◆ **Material for this exercise**:
◆ ◆ ◆ ◆ ◆ ◆ ◆
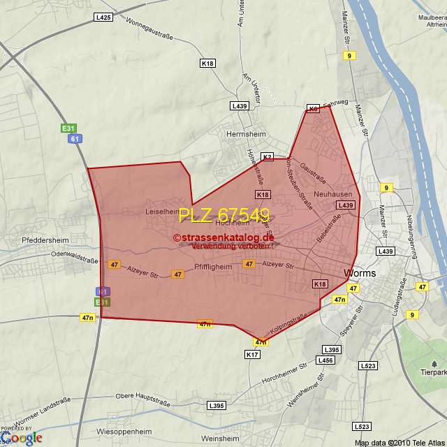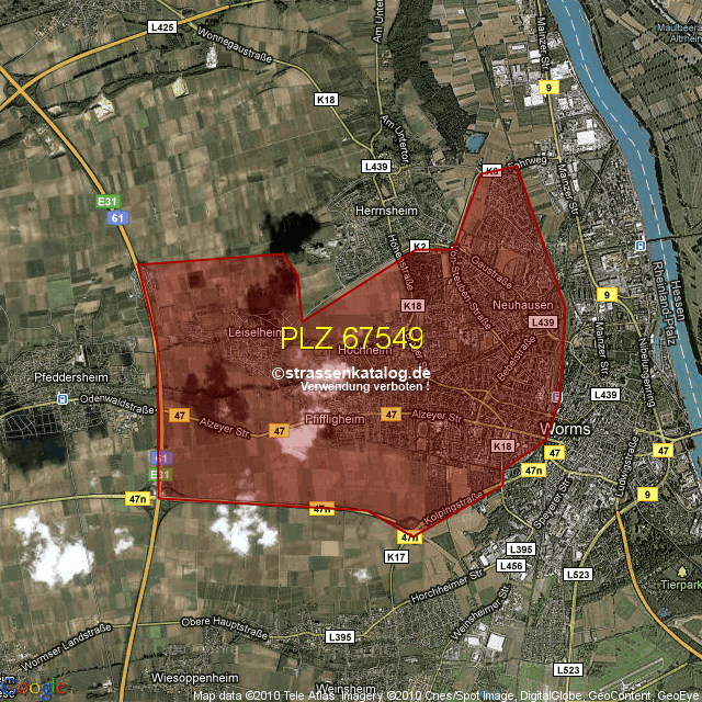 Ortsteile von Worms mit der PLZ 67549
◆ ◆ ◆ ◆ ◆ ◆ ◆
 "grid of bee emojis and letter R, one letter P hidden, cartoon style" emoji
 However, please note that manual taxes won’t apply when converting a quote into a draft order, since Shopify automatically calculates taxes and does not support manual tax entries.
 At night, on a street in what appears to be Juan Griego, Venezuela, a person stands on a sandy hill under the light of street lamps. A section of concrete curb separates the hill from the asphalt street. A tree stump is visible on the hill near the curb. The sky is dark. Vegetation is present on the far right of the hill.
◆ ◆ ◆ ◆ ◆ ◆ ◆
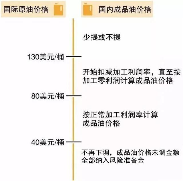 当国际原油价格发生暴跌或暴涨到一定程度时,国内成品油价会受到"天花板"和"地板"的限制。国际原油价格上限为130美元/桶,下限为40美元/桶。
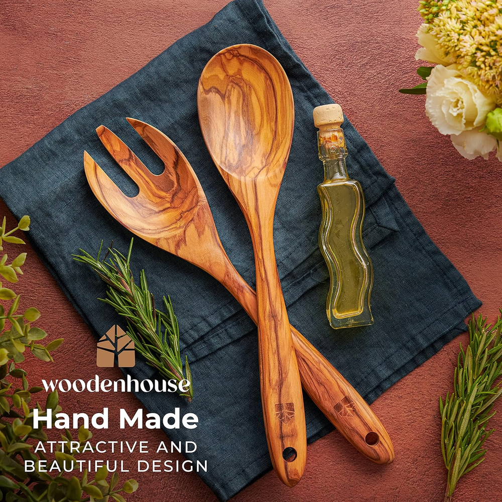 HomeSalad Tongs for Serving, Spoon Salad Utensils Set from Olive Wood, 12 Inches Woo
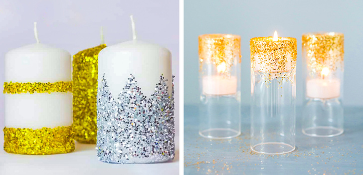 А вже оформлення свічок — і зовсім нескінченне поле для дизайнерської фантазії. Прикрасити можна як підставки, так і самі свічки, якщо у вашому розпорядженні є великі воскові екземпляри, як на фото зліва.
◆ ◆ ◆ ◆ ◆ ◆ ◆
◆ **The task**: Given the records above, restate word for word only the lines starting at the one with "of bee emojis" and ending at the one with "At night, on".

◆ **Solved problem**:
 "grid of bee emojis and letter R, one letter P hidden, cartoon style" emoji
 However, please note that manual taxes won’t apply when converting a quote into a draft order, since Shopify automatically calculates taxes and does not support manual tax entries.
 At night, on a street in what appears to be Juan Griego, Venezuela, a person stands on a sandy hill under the light of street lamps. A section of concrete curb separates the hill from the asphalt street. A tree stump is visible on the hill near the curb. The sky is dark. Vegetation is present on the far right of the hill.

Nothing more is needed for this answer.